I want to understand why the following equivalency holds.
$$\begin{bmatrix}A - BD^{-1}B^{\top} & E\\ E^{\top} & C\end{bmatrix}\succ 0 \iff \begin{bmatrix}A & B & E \\ B^{\top} & D & 0\\ E^{\top} & 0& C\end{bmatrix}\succ 0$$ What is the justification for opening up the matrix $A - BD^{-1}B^{\top}$ inside the original matrix? How does the mechanics of this work if I want to do this repeatedly? I tried to prove this myself but I think there is some "fact" that I don't know yet that is blocking me.

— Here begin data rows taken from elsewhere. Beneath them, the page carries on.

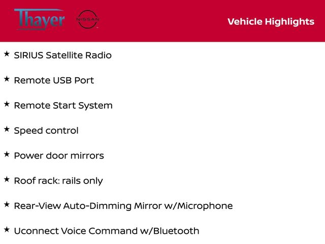 1-Yr SiriusXM Radio Service, Heated front seats, Power door mirrors, Rear-View Auto-Dimming Mirror w/Microphone, Remote Start System, Remote USB Port, Roof rack: rails only, SIRIUS Satellite Radio, Speed control, Tilt steering wheel, Uconnect Voice Command w/Bluetooth.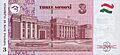 | 1 diram | 100 × 60 mm | Brown | Sadriddin Ayni Theatre and Opera House | Pamir Mountains | Two mountains over rectangle | 1999 | 2000 | ||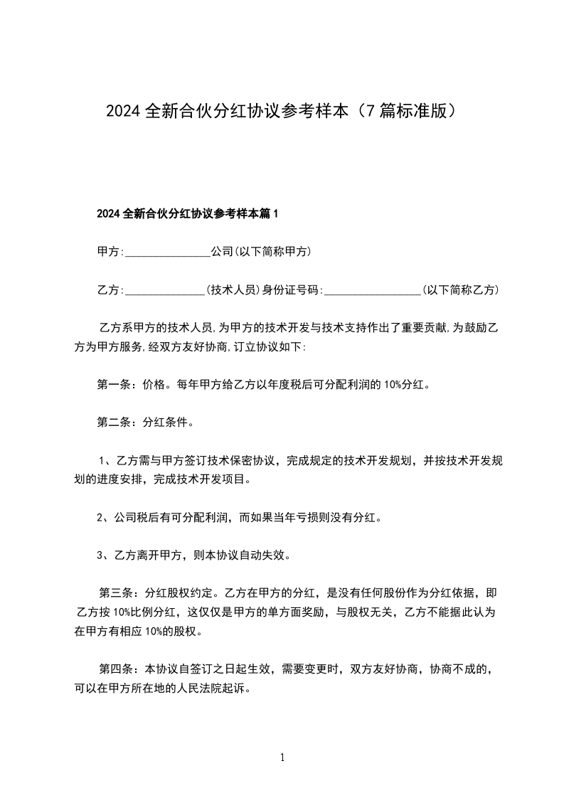 1.2分红:____________有限公司年终按照公司章程规定的可分配利润;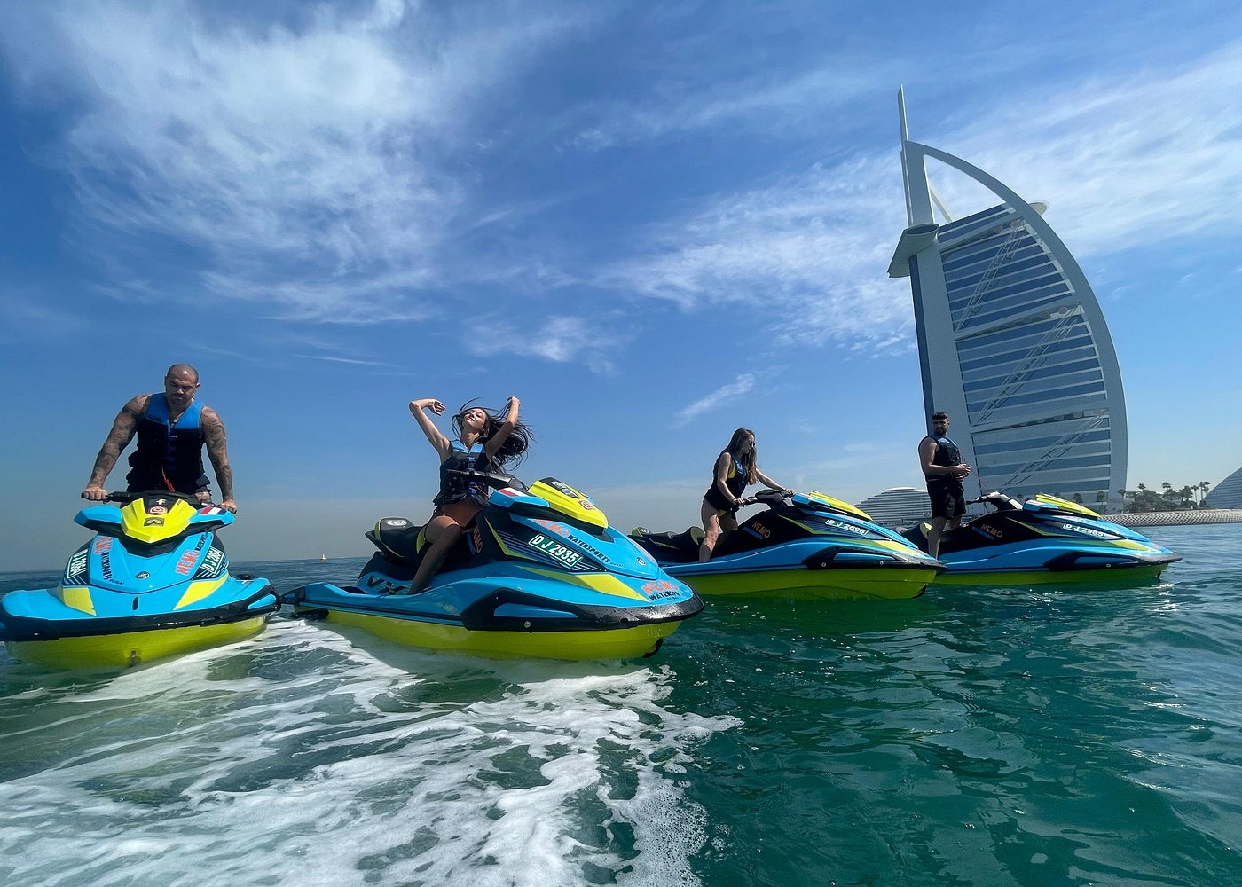 Experience a thrilling jet ski ride from Umm Suqeim Marina, right by the iconic Burj Al Arab. Cruise along Jumeirah Beach Hotel, enjoy spectacular views of Dubai’s skyline, and on clear days, spot the towering Burj Khalifa. With a safety briefing, complimentary photos and videos, this adventure suits all skill levels. Finish your experience with a refreshing ice cream at Lumiere Café to sweeten the day.
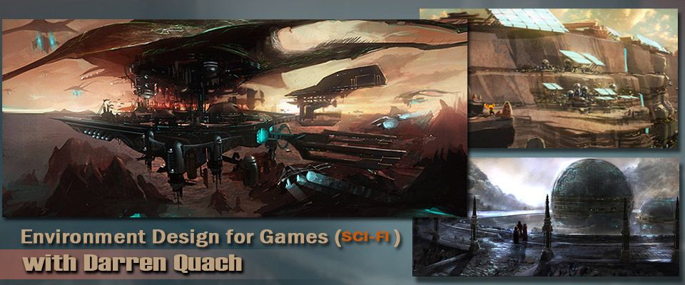 Этот урок будет посвящен научно-фантастическим средам для игр. Даррен научит основам, необходимым для создания сред мирового уровня, и ответит на такие вопросы, как: Какие отдельные компоненты необходимы, чтобы организовать успешный дизайн среды? Или какие архитектурные идеи и концепции должны быть использованы для создания убедительных сооружений? Будут освещены: макет, перспектива и композиция; освещение и теория восприятия цвета; а также многие другие советы, приёмы и техники, чтобы завершить ваше произведение.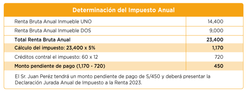 El Sr. Juan Pérez es propietario de 2 inmuebles y desea saber ¿Cómo realiza sus pagos mensuales y si debe presentar la Declaración Jurada Anual del Impuesto a la Renta?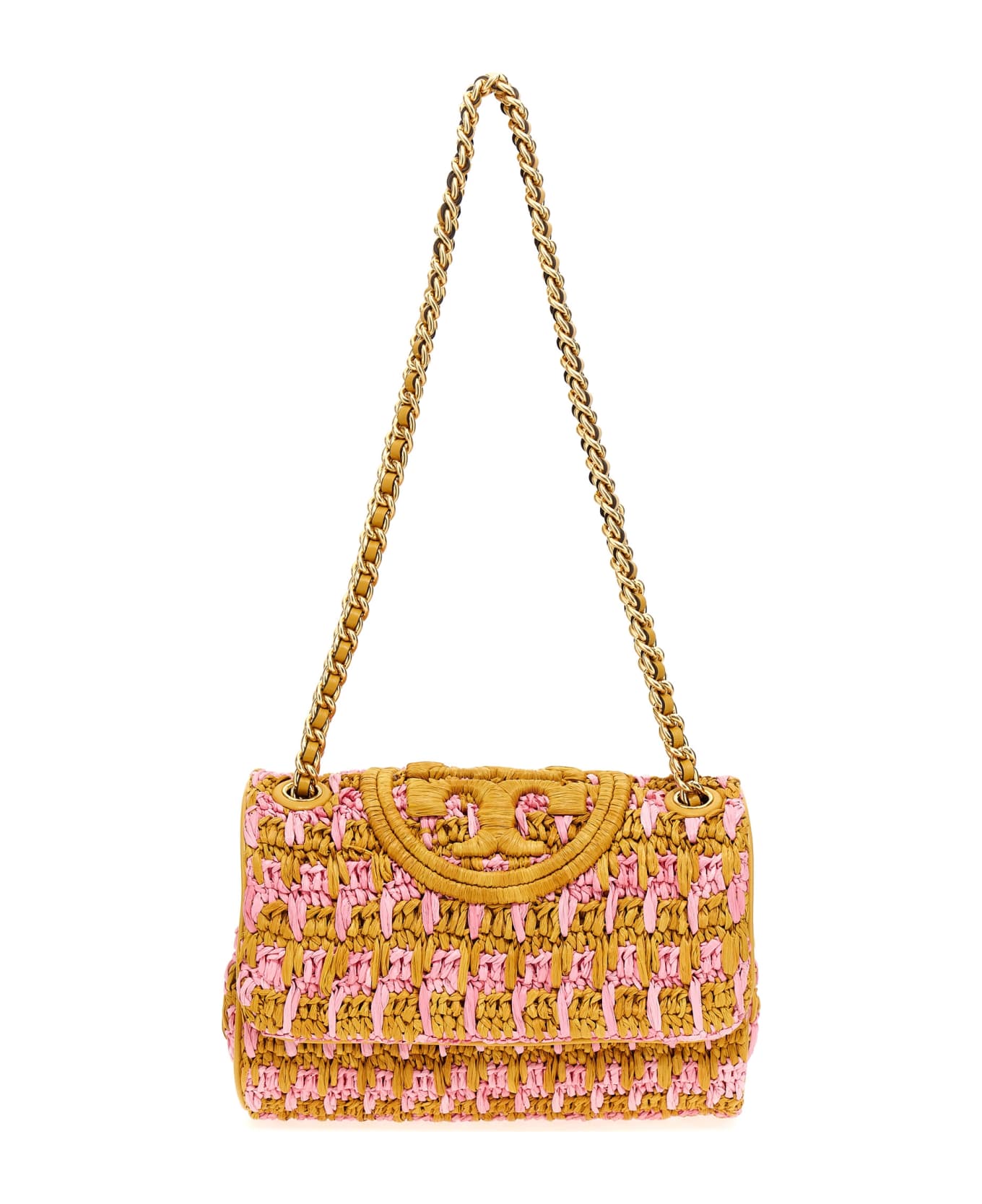 'Fleming Soft Crochet Small' straw shoulder bag woven with logo, leather details, chain and leather handle, magnetic closure.

Presumably $D$ is positive definite. The matrix on the left is just the Schur complement of $D$ in the $3\times3$ block matrix on the right. If you fail to see this, you may aid yourself by permuting the blocks first: \begin{align} &\pmatrix{A&B&E\\ B^T&D&0\\ E^T&0&C}\simeq\left(\begin{array}{cc|c}A&E&B\\ E^T&C&0\\ \hline B^T&0&D\end{array}\right),\\ &\pmatrix{A&E\\ E^T&C}-\pmatrix{B\\ 0}D^{-1}\pmatrix{B^T&0} =\pmatrix{A-BD^{-1}B^T&E\\ E^T&C}. \end{align} Now, recall that the blockwise direct sum of $D$ and its Schur complement can be obtained from the original matrix by matrix congruence. Hence the $3\times3$ block matrix is positive definite iff both $D$ and its Schur complement are positive definite.